さて、今日も錬金しようかな…と思い棚の材料を入れている引き出しを開ける。あれ、この素材もう使い切っちゃってたんだ…お兄ちゃん最近帰ってこないし自分で採りに行くしかないかぁ…
弓を手に取り、防具だけ確認して家を出る。あの魔物はどこに居たっけな、とメモを見遣りながらルーラストーンを掲げいつも通りの素材狩りに出掛けた…
いつも通り、のハズだったのに…あの素材欲しいな、と気を抜いた瞬間を突かれ魔物が斧を振り下ろしてくる。あ、ダメ…避けられない…!そう思った瞬間ギリギリの所で直撃は避けた、が…左腕があったはずの場所には何も無く肩から大量の血が流れていた。
ドクンドクンと激しく脈打つ激しい痛みと頭から血の気が引くような酷い出血に思わず胃の中身を吐き出しそうになる。このままじゃ死ぬ…と必死に回復呪文を紡ぐ。
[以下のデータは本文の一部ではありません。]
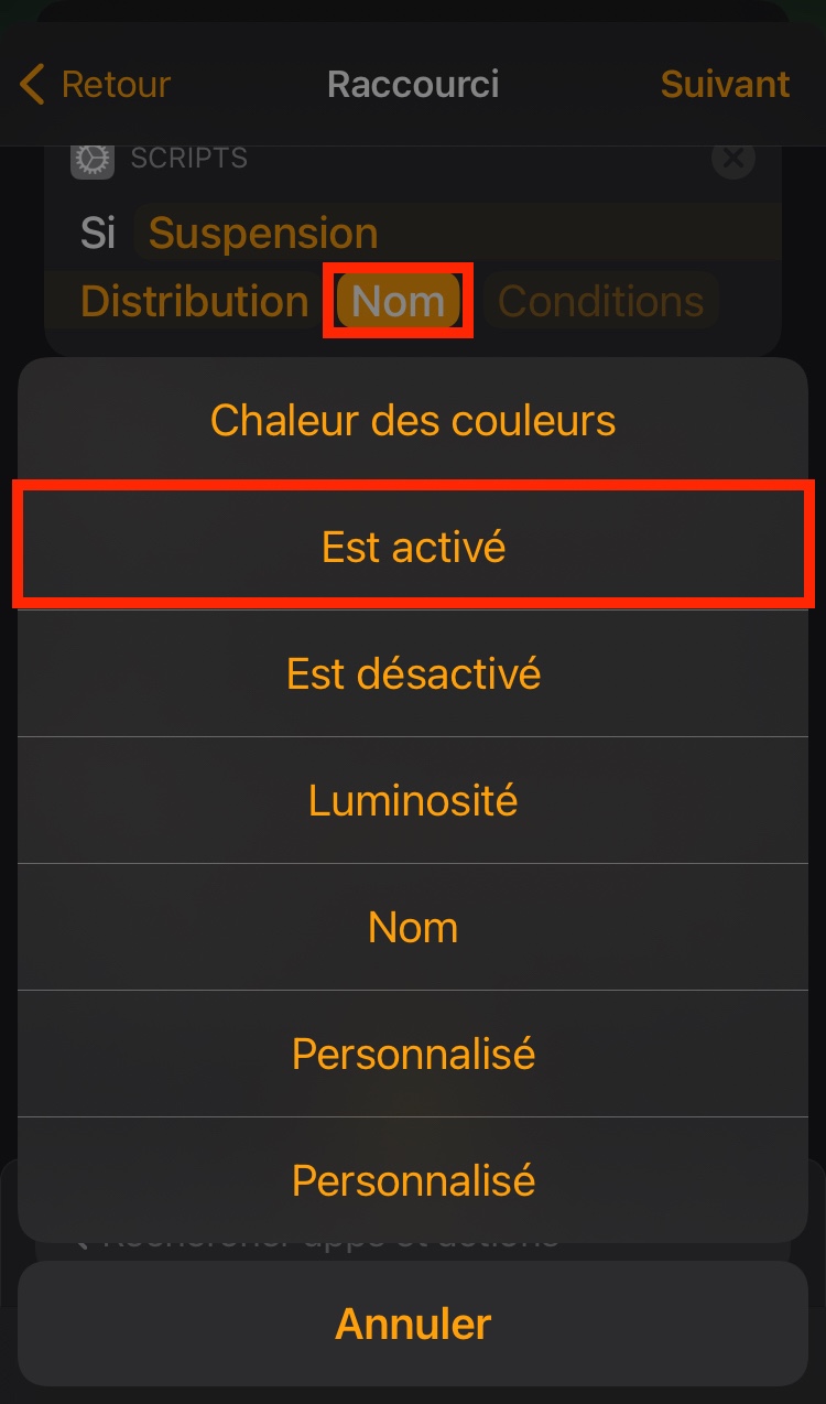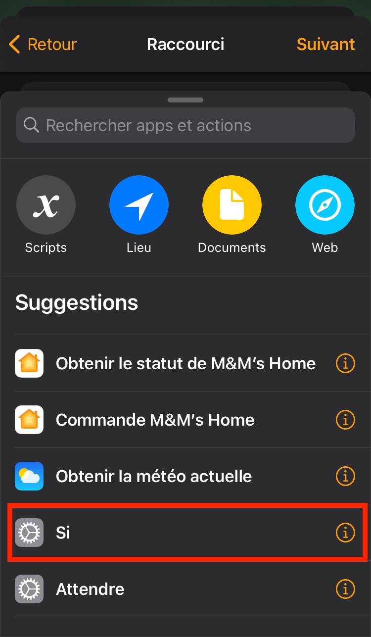 A partir de là, les connaisseurs de l'app Raccourci reconnaitront quelque peu l'interface :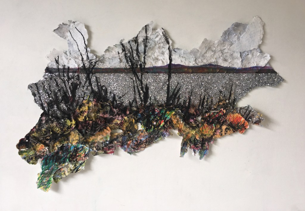 Ute, 2018, 20 x 30 inches, Watercolor, charcoal, colored pencil, graphite and glitter on paper, 20 x 30 inches

ぎゅ…と強く手で押えていた左肩の傷が新しく濡れる感覚は消え、とりあえず止まった出血に胸を撫で下ろす。
魔物は今度こそこちらの息の根を止めようと斧を構えている…こんなとこで死ぬわけにはいかない……とほんの一瞬だけ切り落とされた腕を拾おうと思った思考を頭を振って消すと必死に戦闘エリア外へ走り、急いでルーラストーンを取り出すとエテーネの村へ逃げ帰る。
「っは………ァ……帰って、来れた……?」
貧血を起こしかけ思考がぼんやりとしつつも見慣れた景色が視界に入り、村の入口に倒れ込む。
アイリスさん!!と幼馴染の焦る声が聞こえ、あ…シンイさんが来てくれたならもう大丈夫かな…?と安心してしまいふっ…と意識は暗い闇の底に落ちていった。
うん…?と目を覚ますと見慣れた天井と辛そうな顔でこちらを見てくるシンイの瞳があった。
「シンイさん…?私…」
「あ、まだ体は起こさないでください…酷い出血で村の入口にあなたが倒れ込むのが見えた時は血の気が引きましたよ…」
「ごめんなさい…そういえば…」
もしかしたら左腕を失ったのは幻覚だったんじゃない…?と左側に意識を持っていき視線をずらすがやはりそこには何も無く、手や腕を動かすような感覚は無かった。
「アイリスさんの腕は…私がアイリスさんを入口で見つけた時には既に…」
「大、丈夫……だよ…腕は義手にすれば…だからシンイさん、そんな辛そうな顔しないでよ」
何も悪くないのに罪悪感を感じてしまう優しい幼馴染を元気づける様に微笑みを向ける。
「お兄ちゃんはこのこと知って…?」
「いえ…まだ帰ってきていませんし手紙も出していないので…」
じゃあお兄ちゃんには伝えないで、とシンイに向かって言うと錬金術で作れるかな…?とレシピを考え始める。義手ができるまではシンイさんが手を貸してくれるらしいし多少珍しい材料でも何とかなるかな…あぁ、でももう私の腕でお兄ちゃんのこと抱きしめらんないな…
それだけが少し、哀しいなぁ…と誰にも聞こえないような小声で呟いた。